The component also handles replication / authority for multiplayer scenarios and has a number of events which can be implemented in either C++ or Blueprints to further customize its behavior.
|
Architecture
The component can be thought of as a state machine with three states:
- Idle
- The component is in standby.
- Probing
- The component periodically ray-casts and hit-tests against objects in the world, probing for a suitable location (i.e. orthogonal to the ground) to potentially teleport to.
- Teleporting
- The component translates the owning pawn to an arbitrary location.

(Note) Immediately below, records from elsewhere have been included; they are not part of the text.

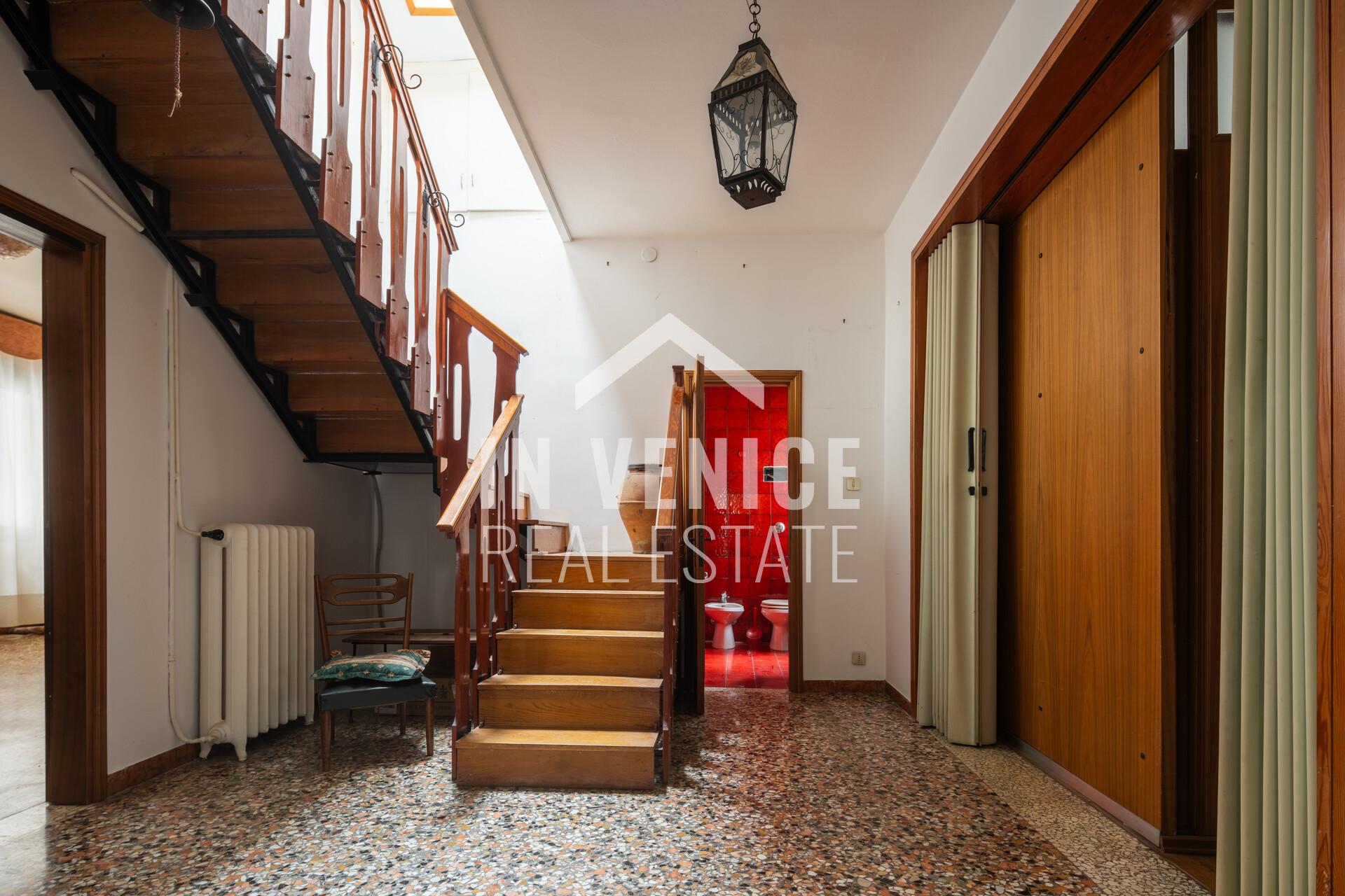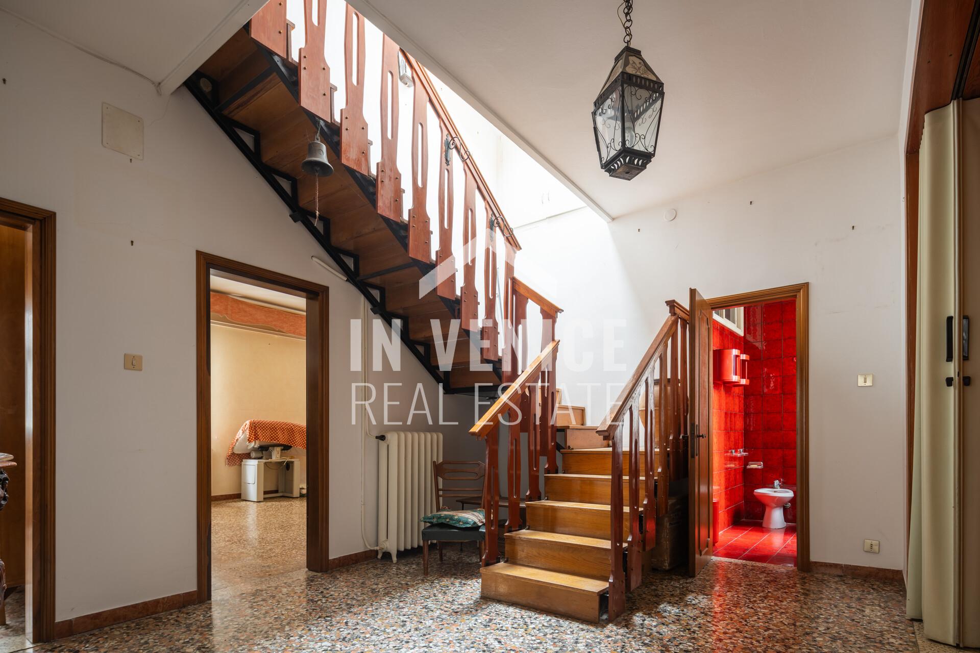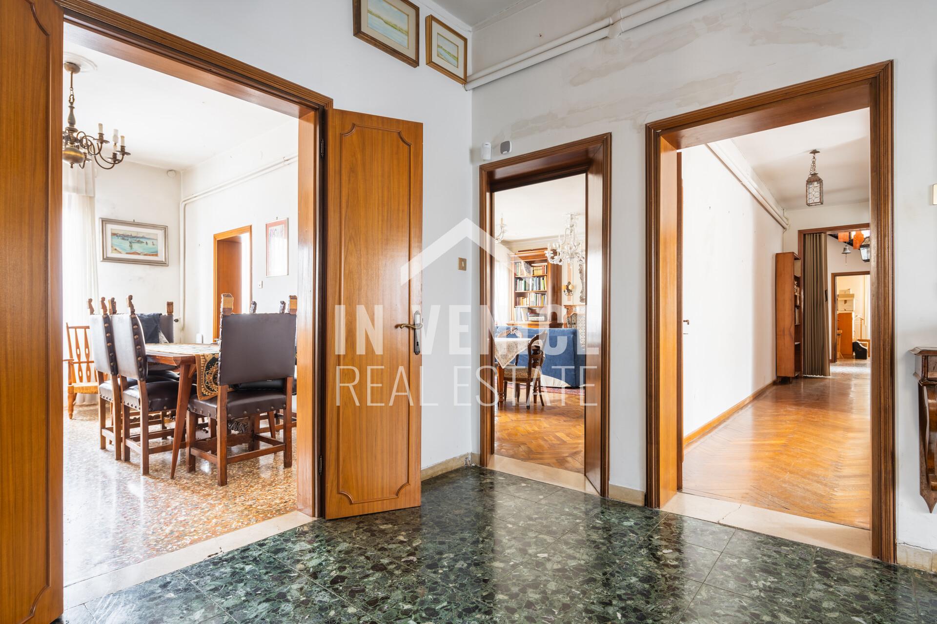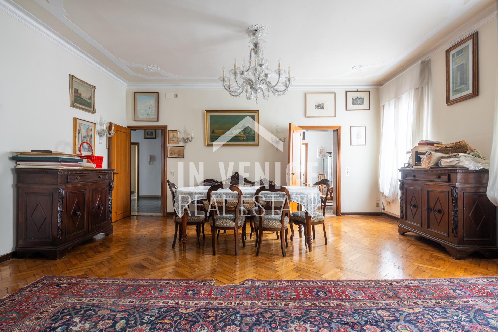 Proponiamo in esclusiva appartamento dietro Riva degli Schiavoni, appartamento su due livelli, all’ultimo piano ed unico al piano. La soluzione è un signorile appartamento dalle dimensioni generose, e con la particolarità di affacciare su quattro lati, che la rendono luminosa grazie alle numerose finestre. Entrando ci accoglie un ampia zona ingresso, che prosegue sulla sala da pranzo con cucina abitabile separata. Proseguendo troviamo una splendida zona living di 40 mq dov’è stato conservato il profilo in marmo d’epoca di un vecchio caminetto. Accanto al soggiorno si trova uno studio di 30 mq, soluzione ideale per unire i due ambienti. Al piano troviamo quattro camere, due bagni ed una lavanderia, mentre al piano sottotetto 3 camere ed un bagno. Completa questo appartamento un ALTANA(al momento da sistemare in quanto le assi in legno erano da sostituire), di 22 mq, dalla quale si può ammirare il Campanile di San Marco, i fuochi del Redentore, e tutti l’arte che lo circonda.
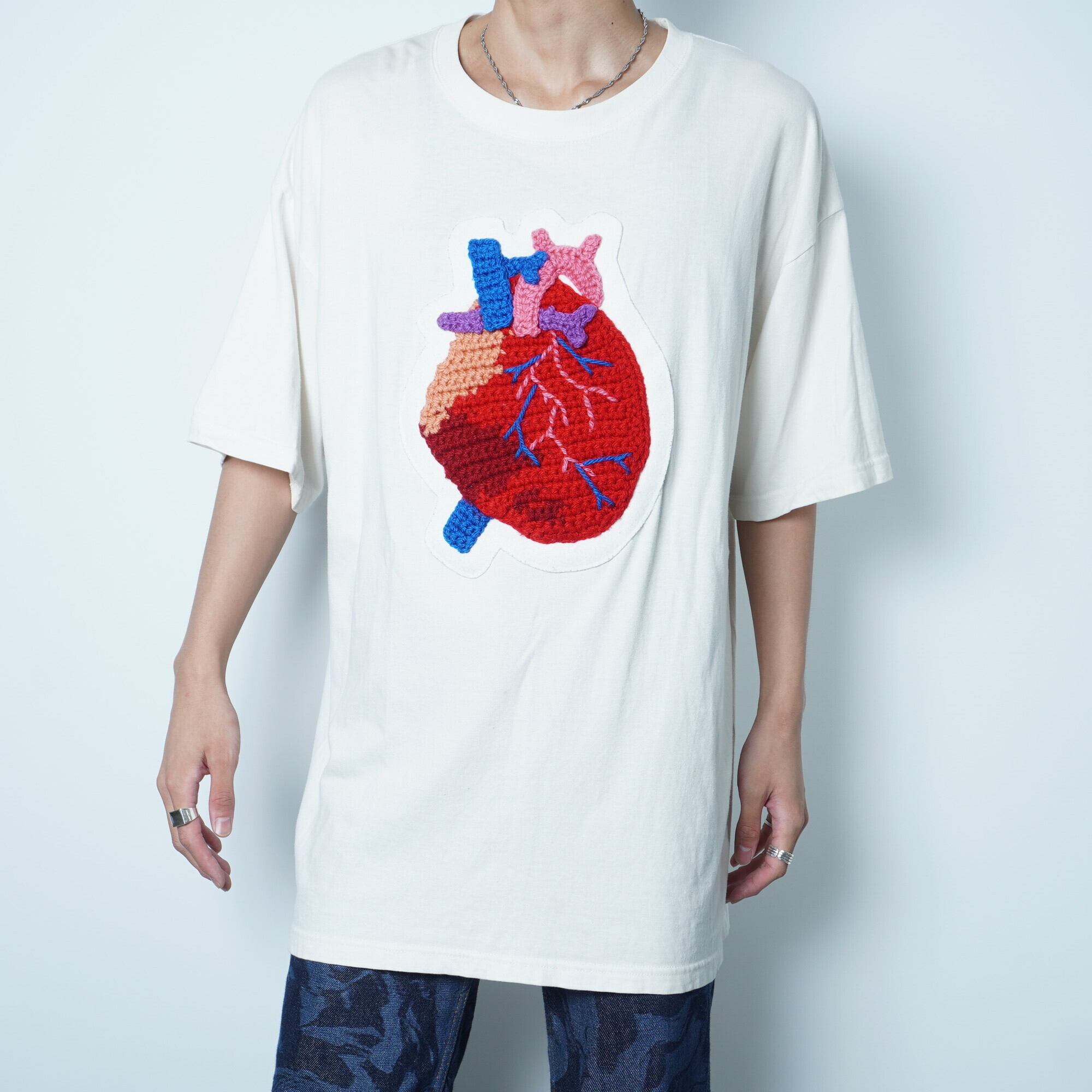 ・【KIDILL】のARCHIVES 心臓ニット装飾ビッグTEE whiteは、そのユニークなデザインが魅力です。
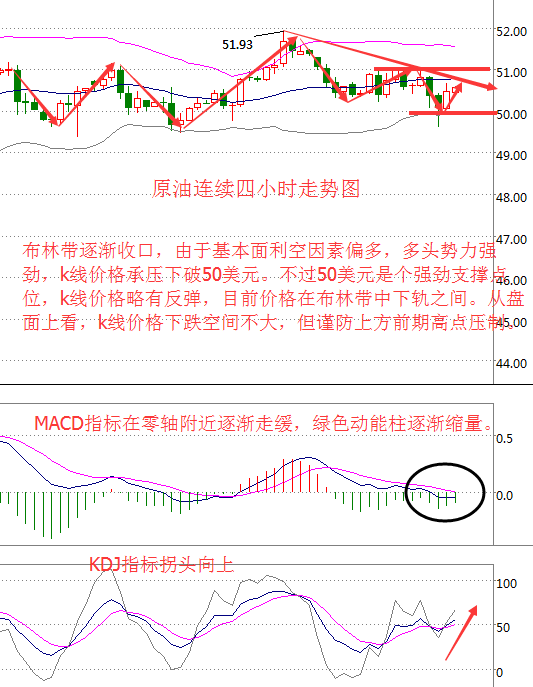基本面分析: 本周一(10月23日),伊拉克油長(zhǎng)盧艾比稱(chēng),希望允許該國(guó)不參與OPEC減產(chǎn)行動(dòng),因其需要更多資金來(lái)抗擊伊斯蘭國(guó)武裝份子。美油盤(pán)中跌穿50美元,為10月18日來(lái)首次,觸及日低49.62美元,因油價(jià)在過(guò)去一個(gè)月上漲逾5美元,或約13%后,部分市場(chǎng)人士鎖定獲利。 油價(jià)過(guò)去一個(gè)月大漲之后,本身就面臨調(diào)整的風(fēng)險(xiǎn),而伊拉克表態(tài)令調(diào)整的時(shí)間更快到來(lái)。但鑒于油市基本面在改善,油價(jià)下跌的空間將受到限制。 隨著市場(chǎng)對(duì)OPEC 11月會(huì)議的質(zhì)疑聲上升,預(yù)計(jì)油價(jià)未來(lái)一段時(shí)間將繼續(xù)調(diào)整,不過(guò)下跌的空間將受到限制。因隨著全球石油需求的回升且非OPEC產(chǎn)量下滑,全球石油市場(chǎng)的供應(yīng)過(guò)剩將逐步緩解。 原油技術(shù)面分析: 美國(guó)WTI原油從四小時(shí)走勢(shì)圖來(lái)看,布林帶逐漸收口,昨日伊拉克反水油價(jià)自10月19日來(lái)首次下破50美元。同時(shí),k線(xiàn)價(jià)格在50美元附近受到支撐,價(jià)格略有反彈。目前k線(xiàn)價(jià)格在布林帶中下軌之間,交投于50.57美元附近。附圖MACD指標(biāo)在零軸附近逐漸走緩,綠色動(dòng)能柱逐漸縮量。kdj指標(biāo)拐頭向上。 綜合而言,油價(jià)后市下行空間不大,但謹(jǐn)防前期高點(diǎn)壓制,預(yù)計(jì)油價(jià)后市將震蕩上行。操作上建議回落做多為主。 美原油操作建議:回落做多。 原油回調(diào)至50.00附近做多,第一目標(biāo)看50.80美元,第二目標(biāo)51.00美元。 大連再生資源大連油操作建議: 大連油3360~3370區(qū)間做多,目標(biāo)先看3405~3315,突破看3430. 白銀技術(shù)面分析: 現(xiàn)貨白銀從四小時(shí)走勢(shì)圖來(lái)看,銀價(jià)昨日大漲小幅漲破17.8這個(gè)阻力,上方靠近17.9美元回落,下方觸及17.5美元尋得支撐。從指標(biāo)來(lái)看,布林帶通道走平,附圖MACD指標(biāo)靠近零軸基本走平,紅色動(dòng)能柱縮量。 現(xiàn)貨白銀市場(chǎng)昨日先回踩給出17.43的位置后行情開(kāi)始拉升過(guò)程,盤(pán)中最高觸及到了17.87的位置后行情遇阻開(kāi)始回落,最終日線(xiàn)收線(xiàn)在了17.55的位置后行情以一根上影線(xiàn)極長(zhǎng)的射擊之星收尾,而這樣的形態(tài)收尾后,今日的行情回踩需空,點(diǎn)位上 今日回踩17.65-17.7空,止損17.85下方目標(biāo)看17.4和17.25,跌破看前低17.08. 大連再生資源再生銀操作建議: 再生銀3795~3805區(qū)間做空,止損30個(gè)點(diǎn),目標(biāo)看3745~3710,跌破看前低。 今日重點(diǎn)關(guān)注: 16:00 德國(guó)10月IFO商業(yè)景氣指數(shù) 22:00 美國(guó)10月諮商會(huì)消費(fèi)者信心指數(shù) 22:35 英國(guó)央行行長(zhǎng)卡尼將在上議院經(jīng)濟(jì)事務(wù)委員會(huì)接受質(zhì)詢(xún) 23:30 歐央行行長(zhǎng)德拉吉講話(huà) 次日凌晨04:30 美國(guó)10月21日當(dāng)周API原油庫(kù)存(萬(wàn)) (以上文章由春雨聚金原創(chuàng),轉(zhuǎn)載請(qǐng)注明出處。溫馨提示,投資有風(fēng)險(xiǎn),入市需謹(jǐn)慎。以上僅代表春雨個(gè)人觀(guān)點(diǎn),不作操作依據(jù),據(jù)此操作風(fēng)險(xiǎn)自擔(dān)) |
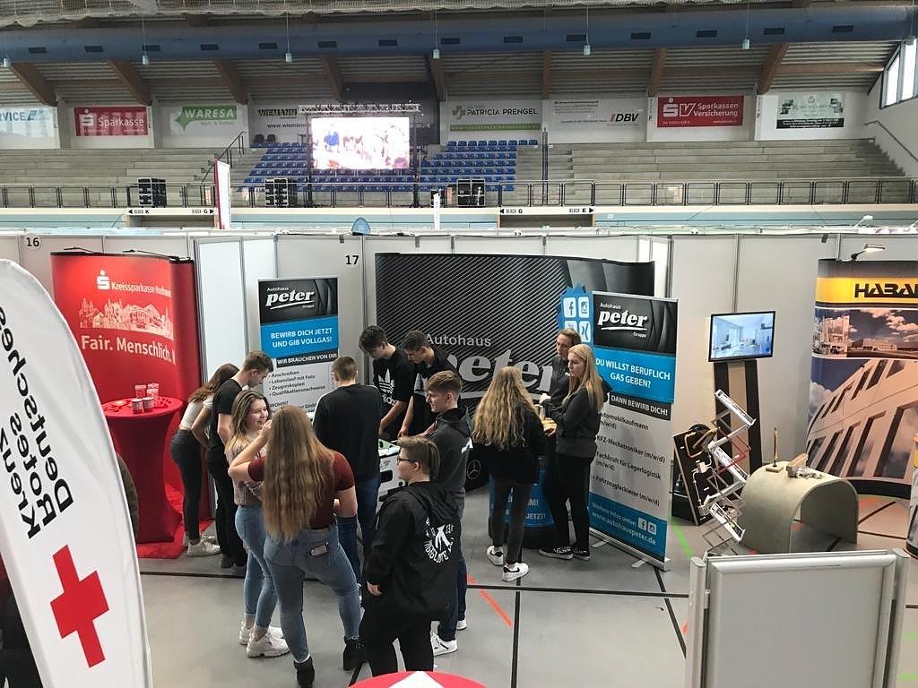Eines von 64 ausstellenden Unternehmen aus Industrie, Handel und Handwerk sowie von Verwaltung, Polizei und Vereinen war unsere Peter-Gruppe, die sich mit vier Ausbildungsberufen an Stand 17 präsentierte.
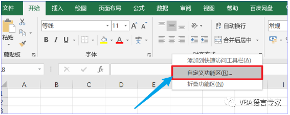 1)在功能区上的任意位置单击鼠标右键,然后单击“自定义功能区”。
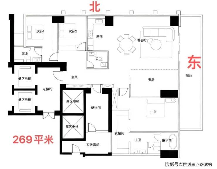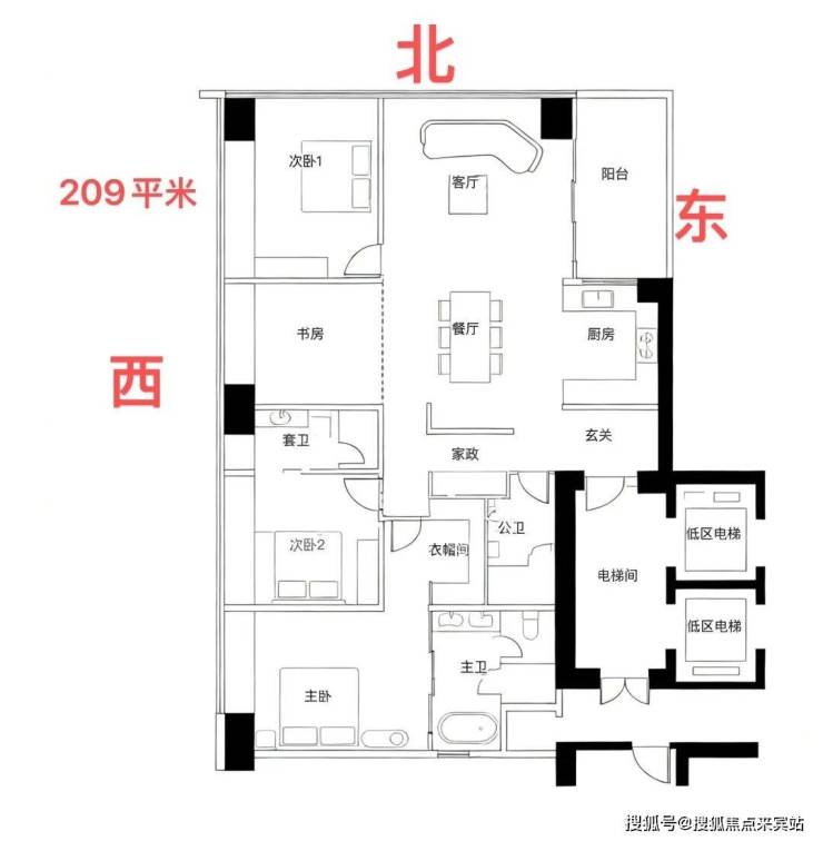 约209㎡四房三卫+家政是北区起步户型,
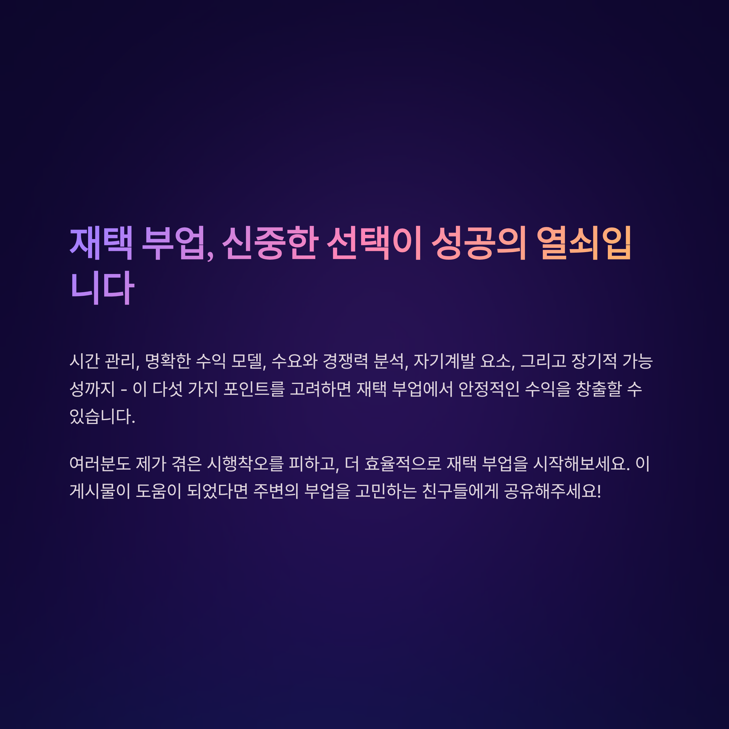 재택 부업을 선택할 때는 단기적인 수익뿐만 아니라 장기적인 가능성도 중요합니다. 저는 여러 번 단기 수익을 올릴 수 있는 부업에 집중했지만, 결국 지속적인 수익을 위해서는 장기적인 성장 가능성이 있는 아이템을 선택하는 것이 더 효과적이라는 것을 알게 되었습니다.
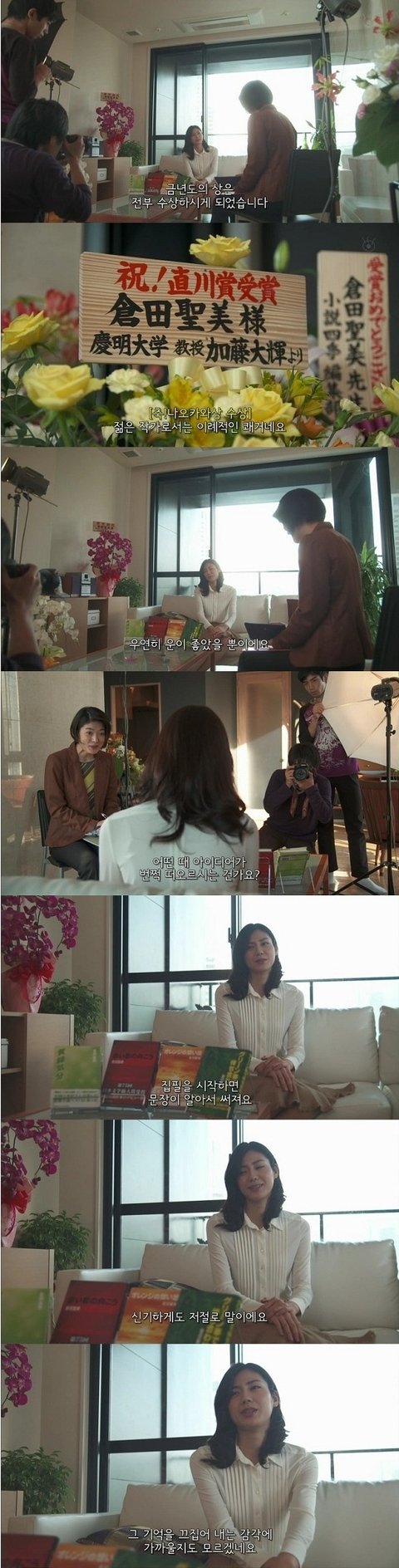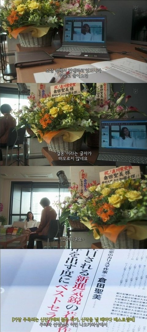 한 tv프로에 출연해 인터뷰를 하고 있는 여주는 자신이 글을 쓰기 시작하면 문장이 스스로 술술 떠오르는 재능을 가지고 있다함.
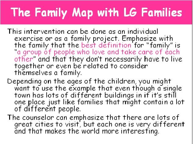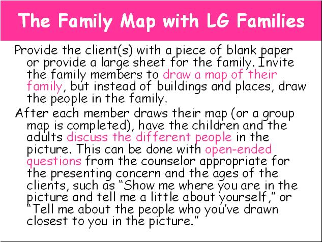 6 Question 6 | Test | Table of Contents One of the interventions that might work with the lesbian and gay families is called “The Family Map” and it’s main focus is on the best definition for family, “a group of people who love and take care of each other” and that’s a very simple definition if you are working with kids who are being treated poorly because their families are different, if you are working with parents who feel that their families or the community has made them feel different that they are not good enough parents or they’re not a real family. It’s a nice way to kind of create this activity where the family can create a map of themselves. And the thing on the ages for kids, you might want to use the example that even though a single town has lots of different buildings, it’s still one place. It’s still one place just like families contain a lot of different people, whether its two mothers, two fathers, eight grandparents, whatever it might be, it’s their family and it’s an okay family. The counselor can emphasize there are a lot of great cities to visit, but each one’s very different and kind of use that analogy that it’s okay to be different from the other places. To go to Chicago to get excitement, you come here to Portage or Chesterton for nice laid back suburban areas that can be close by but they don’t have to be the same, the variety is really appreciated. It can be an individual group activity and you give the client family a piece of paper and you tell them to draw a map of your family and include the people that matter to you. And right here like this tourist map where this is all Sedona, Arizona, but there are different parts of it so you know different buildings. If you are doing New York City, you can create the map and ask the kids or the family to write down where do people belong, draw the picture of people in your family. And after each member draws their map and the group map is completed, have the children and adults discuss the different people in the picture. You can ask open-ended questions. “Holly where are you in the map? Who is closest to you? Tell me why you put your two moms closest to you and your dad over here on this side.” You can ask questions to help them kind of talk about how they see their family and when you invite a child to do that, with the parents present, it can be really enlightening for the parents and sometimes it can make them feel better that they are doing an okay job with the kids or it can raise some red flags with the parents if they realize the child has got some issues going on with one of the step parents. So it’s a nice way to visualize each family because trying to talk to some kids about really intense, complicated relationships, for example, “Do you love your mother?” What’s Rose going to say? “Yes I do she’s here in the room.” “Do you love your father?” “I can’t say out loud because Mom will be upset.” So if you get them away to kind of draw their own map of their family, they can visually illustrate how they feel about those family members. Below

Figure 1 shows the main methods which trigger transitioning between states (above bar) and the delegate events (below bar) dispatched on each transition.
|
Methods that trigger transitions can only execute on the server, to prevent clients in a multiplayer environment from cheating. Delegates however are dispatched to all replicated versions of a pawn. This is to avoid costly syncing between server and clients (such as when ray-tracing during probing). Instead, clients use their own resources while probing and teleporting and the server ultimately replicates the final position of the pawn to all clients.
Setup and Customization
A basic setup (as the one in Video 1) can be achieved in 4 steps:
- Start with a pawn with a camera and motion controller, with a cube for the hand mesh (Figure 2).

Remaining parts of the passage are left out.